Uric acid

Uric acid is generated from metabolic conversion of either exogenous (dietary) or endogenous purines, primarily in the liver and intestine. Approximately two-thirds of total body urate is produced endogenously, while the remaining one-third is accounted for by dietary purines. Most mammals degrade uric acid to 5-hydroxyisourate and eventually to allantoin. However, in humans and some apes, uric acid remains as the final enzymatic degradation product of purine metabolism due to the mutated uricase gene approximately 10-15 million years ago. Due to this reason the serum urate levels are higher in humans.
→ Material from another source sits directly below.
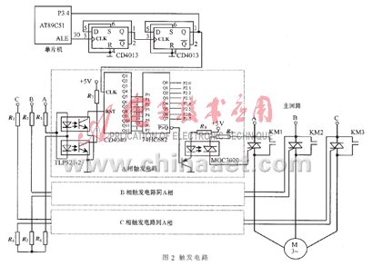 晶閘管觸發信號的產生:在每1相都串入光耦TLP521,以A相為例,2個光電耦合器TLP521按圖2所示接入。另一光電耦合器MOC3020的輸出1個腳接主回路A相雙向晶閘管的1個陽極,另一腳接觸發極。光耦TLP521和MOC3020都起到了控制回路與主回路相隔離的作用。計數器CD4040是12位計數器,將其Q5~Q12輸出端與74HC682輸入端P0~P7相連。A相電壓在1個周期有2個過零點,過零時2個光耦內部的發光二極管均不導通,CD4040的RST端為高電平,CD4040清零并開始計數,計數頻率由其時鐘端(CLK)輸入脈沖控制(來自四分頻器),由程序傳送給單片機的P2口1個設定數,P2口與74HC682的Q0~Q7端相連。74HC682是數值比較器,當由P0~P7組成的二進制數大于由Q0~Q7組成的二進制數時,其P>Q非端輸出低電平,光耦MOC3020導通,晶閘管的觸發回路便有觸發電流通過,雙向晶閘管導通。該觸發電路沒有采用傳統的觸發脈沖調制放大電路,設計和實施上更為簡單。

In healthy men, the urate pool averages about 1200 mg with a mean turnover rate of 700 mg/day.

 

In addition to its role as a metabolic waste product, uric acid has been proposed to be an important molecule with multiple functions in human physiology and pathophysiology and is linked to human diseases beyond nephrolithiasis and gout. Uric acid homeostasis is determined by the balance between production, intestinal secretion, and renal excretion. The kidney is an important regulator of circulating uric acid levels, by reabsorbing around 90% of filtered urate, while being responsible for 60–70% of total body uric acid excretion. Defective renal handling of urate is a frequent pathophysiological factor underpinning hyperuricemia and gout.